TASK TO COMPLETE:
The response should repeat word for word every line below from the one with "组织师生共同收看纪念中国人民" to the one with "Pfc Ira S. Casey", inclusive, and nothing else; leave pictures out.

RECORDS:
· · ·
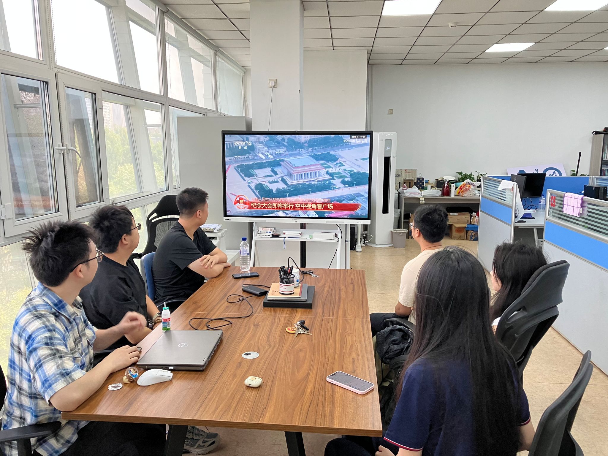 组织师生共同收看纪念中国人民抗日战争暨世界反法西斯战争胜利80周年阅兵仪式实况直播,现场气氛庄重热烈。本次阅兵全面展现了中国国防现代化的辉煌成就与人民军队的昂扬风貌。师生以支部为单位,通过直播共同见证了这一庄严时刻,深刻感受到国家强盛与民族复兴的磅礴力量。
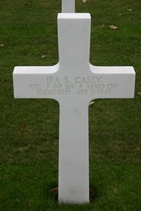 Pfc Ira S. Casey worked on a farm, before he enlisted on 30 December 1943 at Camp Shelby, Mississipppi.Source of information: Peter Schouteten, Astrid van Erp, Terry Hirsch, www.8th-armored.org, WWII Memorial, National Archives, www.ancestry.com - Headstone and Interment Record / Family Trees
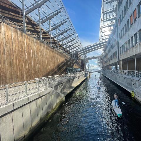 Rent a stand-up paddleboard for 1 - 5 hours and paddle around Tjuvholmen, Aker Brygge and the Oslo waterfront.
· · ·
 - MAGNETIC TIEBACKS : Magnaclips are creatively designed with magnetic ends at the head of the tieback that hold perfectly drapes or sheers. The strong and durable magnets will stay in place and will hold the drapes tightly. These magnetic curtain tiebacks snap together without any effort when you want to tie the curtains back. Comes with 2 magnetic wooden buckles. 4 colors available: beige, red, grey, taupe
· · ·
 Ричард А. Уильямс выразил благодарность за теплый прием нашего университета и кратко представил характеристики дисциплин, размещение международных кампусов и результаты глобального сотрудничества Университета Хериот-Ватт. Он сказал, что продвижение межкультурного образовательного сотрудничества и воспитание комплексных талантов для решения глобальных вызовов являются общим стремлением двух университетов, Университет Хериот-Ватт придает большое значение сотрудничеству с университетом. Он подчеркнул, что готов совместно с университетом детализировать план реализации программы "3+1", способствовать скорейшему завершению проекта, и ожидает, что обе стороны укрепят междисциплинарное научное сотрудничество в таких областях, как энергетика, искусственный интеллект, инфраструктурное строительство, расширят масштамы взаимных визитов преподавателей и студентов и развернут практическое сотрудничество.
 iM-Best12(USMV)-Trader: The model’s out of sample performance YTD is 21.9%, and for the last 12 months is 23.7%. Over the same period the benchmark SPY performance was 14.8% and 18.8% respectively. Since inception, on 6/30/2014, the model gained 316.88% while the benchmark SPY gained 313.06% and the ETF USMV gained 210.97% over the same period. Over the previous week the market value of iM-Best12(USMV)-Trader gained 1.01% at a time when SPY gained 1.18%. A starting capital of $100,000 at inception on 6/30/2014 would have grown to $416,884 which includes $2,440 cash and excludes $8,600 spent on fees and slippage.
· · ·
OUTPUT:
 组织师生共同收看纪念中国人民抗日战争暨世界反法西斯战争胜利80周年阅兵仪式实况直播,现场气氛庄重热烈。本次阅兵全面展现了中国国防现代化的辉煌成就与人民军队的昂扬风貌。师生以支部为单位,通过直播共同见证了这一庄严时刻,深刻感受到国家强盛与民族复兴的磅礴力量。
 Pfc Ira S. Casey worked on a farm, before he enlisted on 30 December 1943 at Camp Shelby, Mississipppi.Source of information: Peter Schouteten, Astrid van Erp, Terry Hirsch, www.8th-armored.org, WWII Memorial, National Archives, www.ancestry.com - Headstone and Interment Record / Family Trees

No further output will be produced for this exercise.